About Norton

Eureka!

San Francisco was founded in 1847, but in 1848 when gold was discovered, the city swelled from a sleepy town of 1000 to a bustling international port boasting 25000 residents- all in one year. Immigrants flooded in, ships full of railroad workers from China, fur traders from Russia and Gold hunters from every corner of the globe. Cowboys rubbed shoulders with Poets, Victorian Londonites drank with escaped Australian convicts. The following two decades saw the birth of countless new technologies, including the wireless telegraph, the steam-train, electric light and flying machines. At this moment in history, San Francisco was one of the most progressive, multi-racial, radical and debauched cities in the world.

The real draw of San Francisco, however, became its ultra-violent red-light district, Sydney Town, later renamed The Barbary Coast. Any imaginable vice was available for trade in The Barbary Coast. Opium dens, saloons, gambling houses, fight clubs and brothels run by gangsters and the thousands of prostitutes that had been shipped in from Europe to meet the demands in a womanless gold town. Even the police were afraid to walk the streets with brawls, Shanghai kidnappings, lynchings, torture and gun fights as an every night event. Yet, in one corner of this den of sin lived a character of surprising dignity: Emperor Norton I.

America’s first and only Emperor

Joshua Abraham Norton was born in England, raised in South Africa, and arrived in San Francisco in 1849 with shiploads of other gold-dazzled dreamers known as the ’49ers.

He quickly became a very successful merchant, as well as owning numerous properties, warehouses and factories. However, in 1853 a bad deal on Peruvian rice left him bankrupt and ruined.

Norton was barely heard of again until in 1859 he published in the local paper a notice proclaiming himself The Emperor of the United States.

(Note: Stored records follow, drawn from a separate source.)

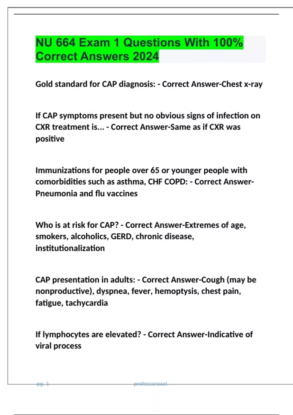 nu 664 exam 1 questions with 100 correct answers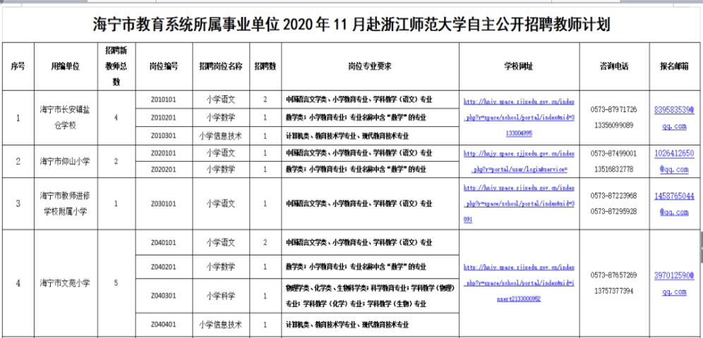 招聘岗位:详见《海宁市教育系统所属事业单位2020年11月赴浙江师范大学自主公开招聘教师计划》(附件1,以下简称《计划》)。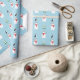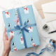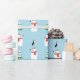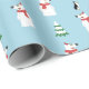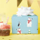 Um pinguim e um urso polar vestindo um cachecol e chapéu num padrão repetitivo com pinheiros cobertos de neve espalhados por todo o lado.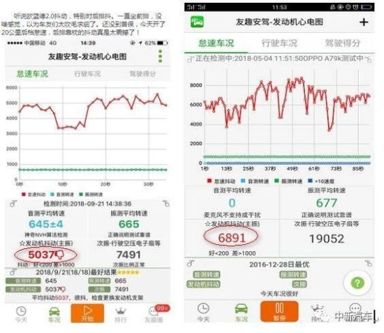 以上是两辆没到首保的新车。用友趣安驾APP测试,正常新车抖动一般在200以内,而这辆车,高达五六千以上。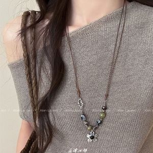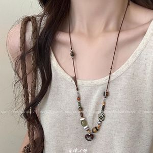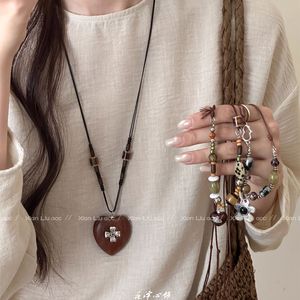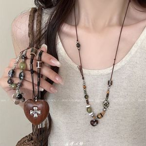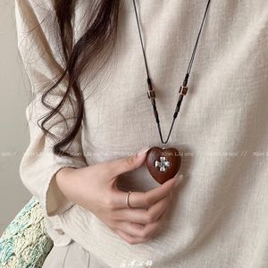 复古木制爱心十字架项链女2025新款民族风长款毛衣链气质百搭配饰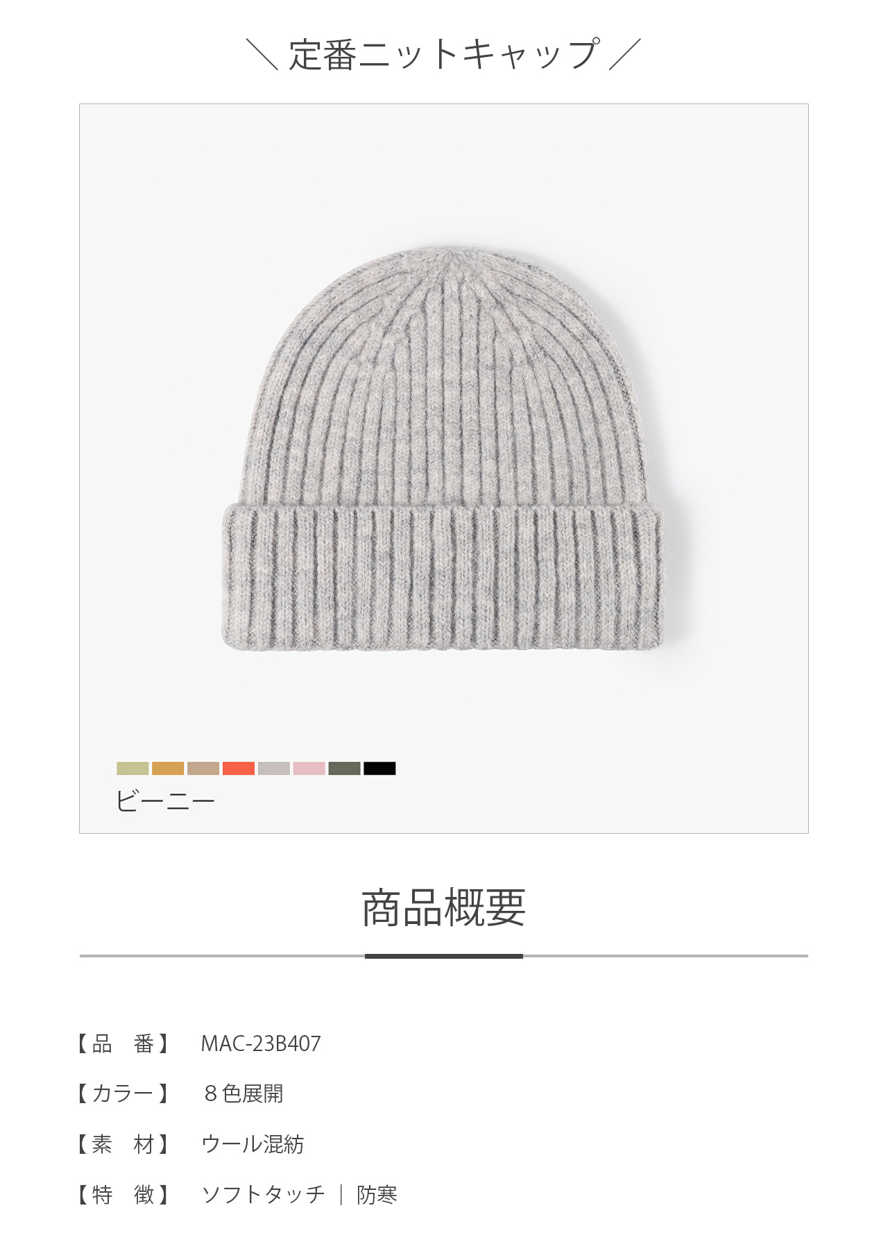 寒い季節に欠かせない、シンプルで使いやすい定番ニットキャップ。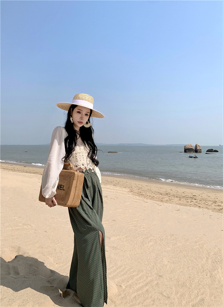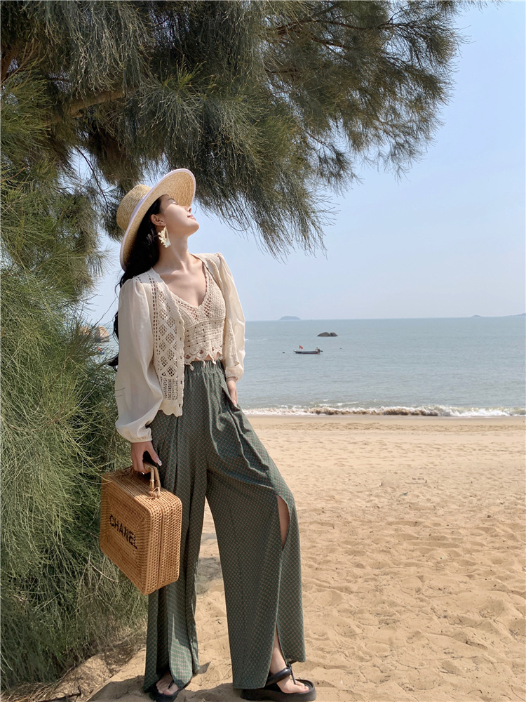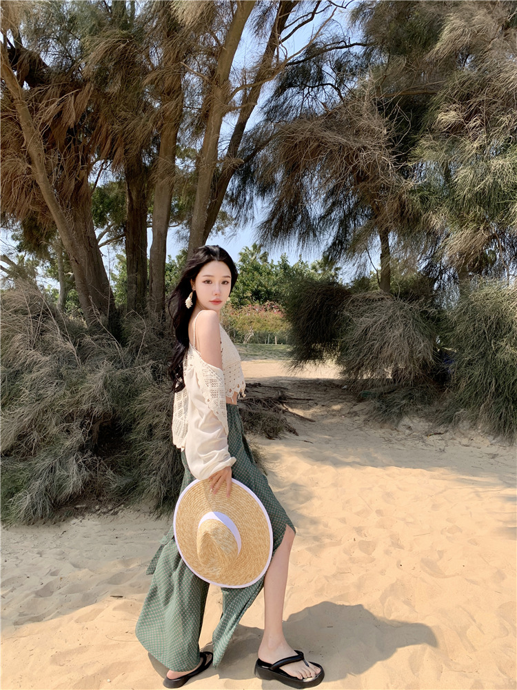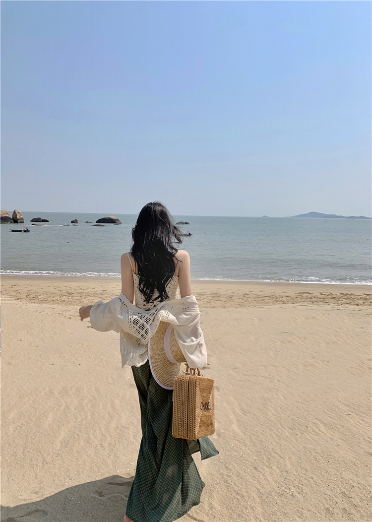 살구색 중공 크로 셰 뜨개질 외부 카디건 여자의 여름 해변 휴가 선 스크린 니트 스티치 쉬폰 슬리브 탑 재킷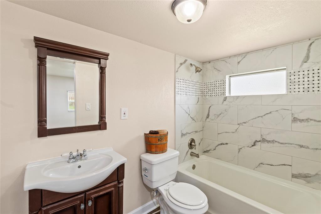 Designed with comfort and functionality in mind, the home offers a spacious layout with two living areas including a light-filled waterside room that opens to a large deck, ideal for gathering with friends and family. The primary suite features a walk-in closet and a full bath with a tile-surround tub shower combo, and recessed lighting adds a warm, updated feel throughout.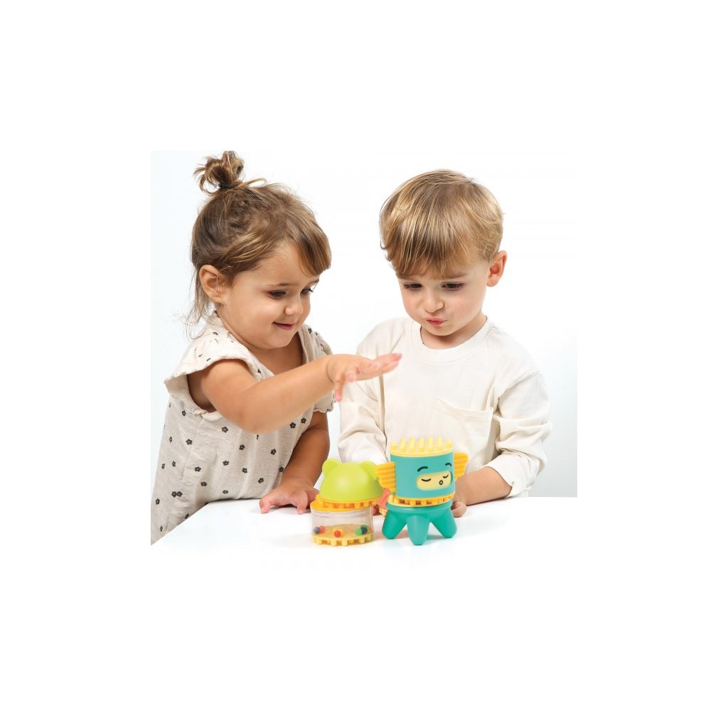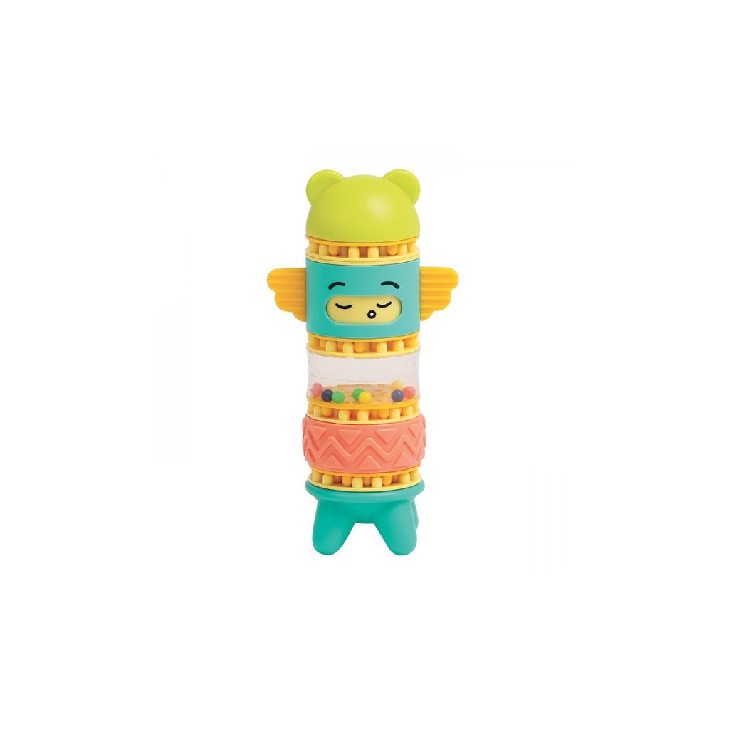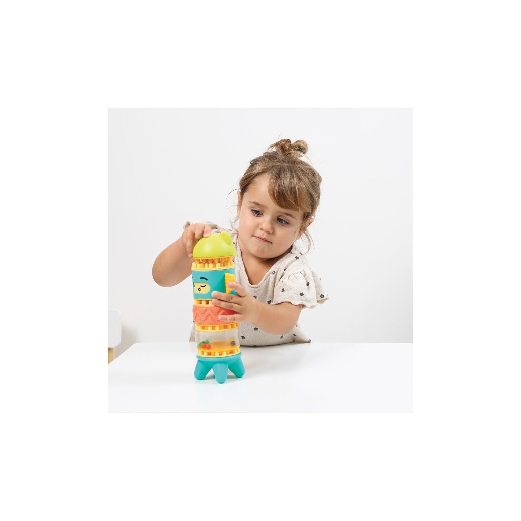 Stavebnice pro nejmenší se skládá se 6 dílů, které dítě skládá na sebe, až vytvoří figurku podobnou totemu. Spící obličejík na jednom z dílů se po zmáčknutí hlavy "probudí" a změní se na obličejík usměvavý. Díly je možné na sebe skládat pokaždé v jiném pořadí a vytvářet tak různé varianty věže. Stavebnice vede děti intuitivně k jednoduchým pohybům, které jsou klíčové pro rozvoj jemné motoriky: skládání, válení, spojování atd. Děti si procvičují úchop, prostorové vnímání, soustředění, a trpělivost při skládání dílků. Stavebnice je vyrobena z materiálu příjemného na dotek. Vhodné pro děti od 10 měsíců.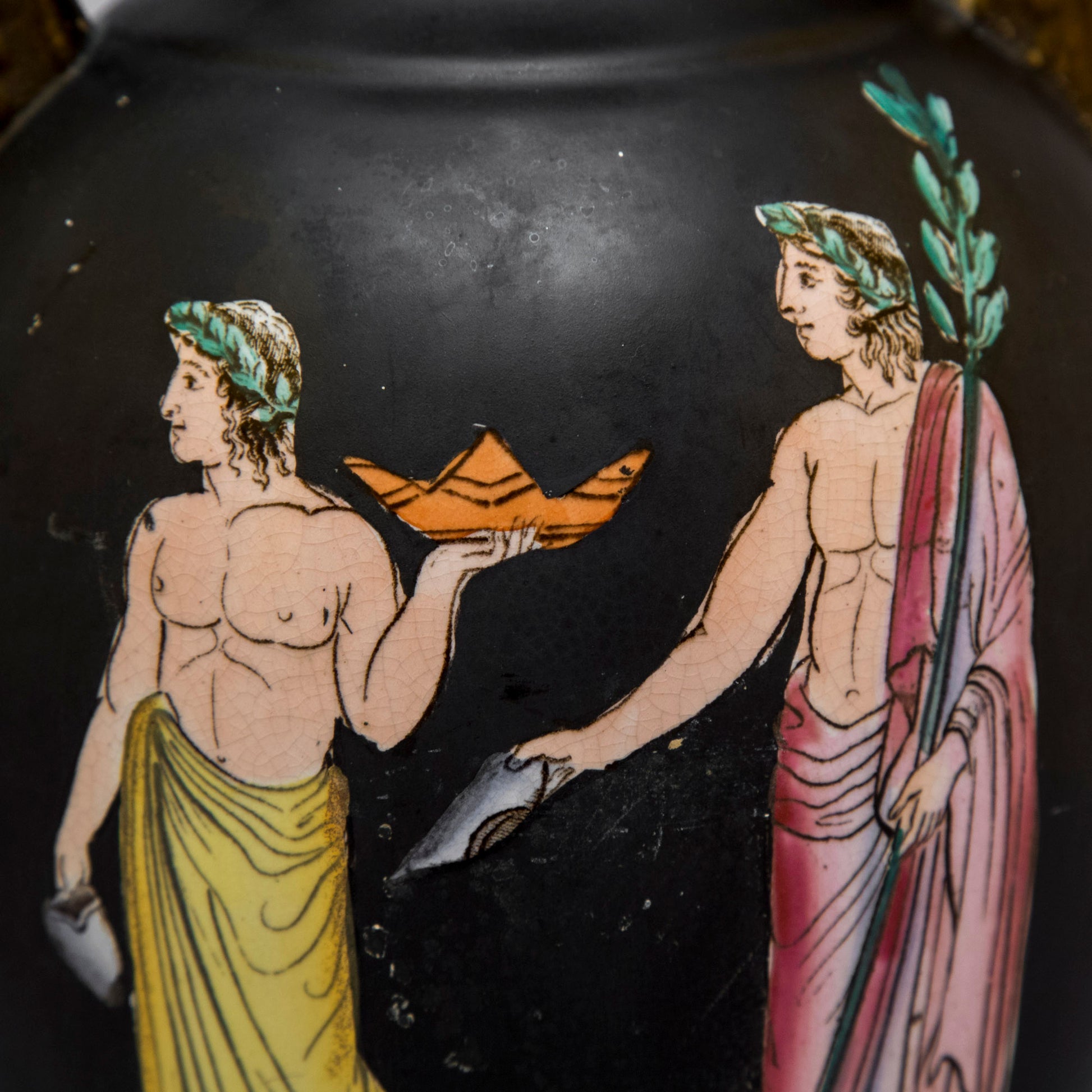 A charming late 19th - early 20th century porcelain vase, polychrome decorated in ancient Greek style, measuring 30 cm tall.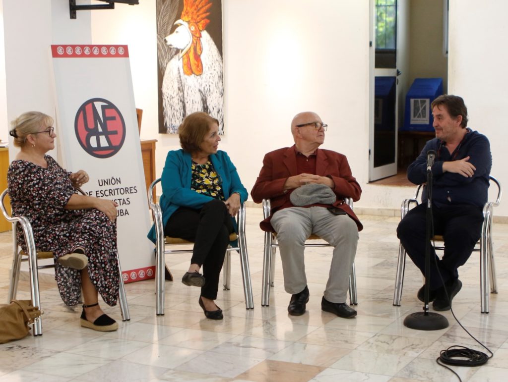 La presidenta de la UNEAC Marta Bonet recibió al poeta, crítico literario y ensayista en la sala Villena de la sede nacional de la organización, luego de un recorrido por espacios emblemáticos como el Hurón Azul y la galería Villa Manuela, donde pudo apreciar la muestra “Entelequias” del artista visual Duvier del Dago.
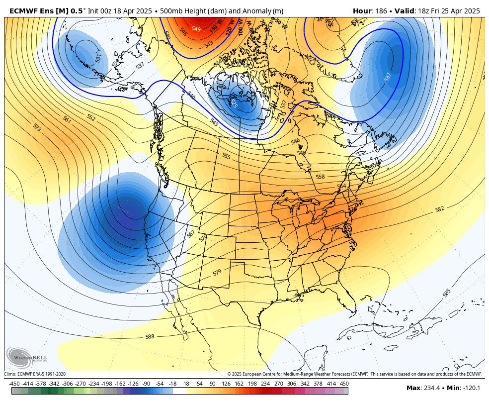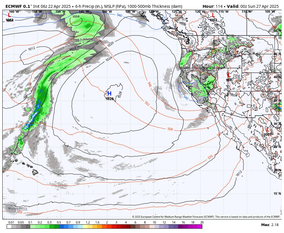 The storm door is forecast to remain open through the last week of March, but we are into the spring pattern and stronger storms will be harder to come by. The trough will slowly shift east with time so any storms may drop down from the north over land which is a drier track. So we could see a few weak systems during the last week of the month.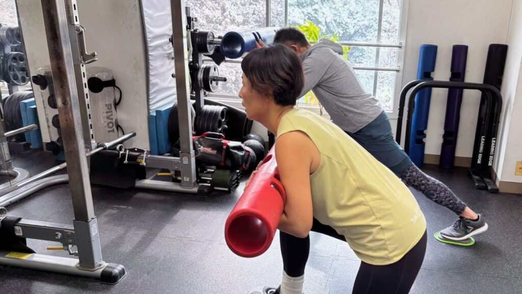 雪景色が映えるので、メンバーさんがロウイングしている写真も撮影させていただきました。後ろからなので伝わらないのですが、結構な重量を下から引いてます。しかも15回を限界まで。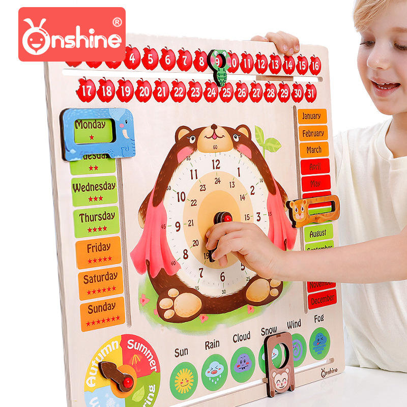 ออนไชน์กระดานไม้สำหรับเด็กเรียนรู้เวลา ปฏิทินสภาพอากาศ ของเล่นเสริมพัฒนาการเด็ก 3-6 ปี

Surprisingly, San Francisco took heed. The false Emperor, who patrolled the city’s streets in his donated general’s uniform with an entourage of dogs, was given free meals at restaurants, a private box at the opera, free ship and train travel, whilst newspaper editors gleefully traced his footsteps, published his outrageous proclamations and monstrously promoted the lie.

Even though this man had gone as far as to attempt to fire Abraham Lincoln and to declare Congress null and void, he was not openly laughed at, or locked up, and even an attempt by a policeman to arrest him on the ground of lunacy was quickly reversed by the authorities.

When Emperor Norton crashed face down on a pavement in San Francisco in 1880, never to rise again, citizens of the city felt they had lost one of their most eminent characters. Over ten thousand people lined up through the streets to pay respects at the funeral, a generous mark of respect from the society that entertained his delusions on such a grand and lavish scale.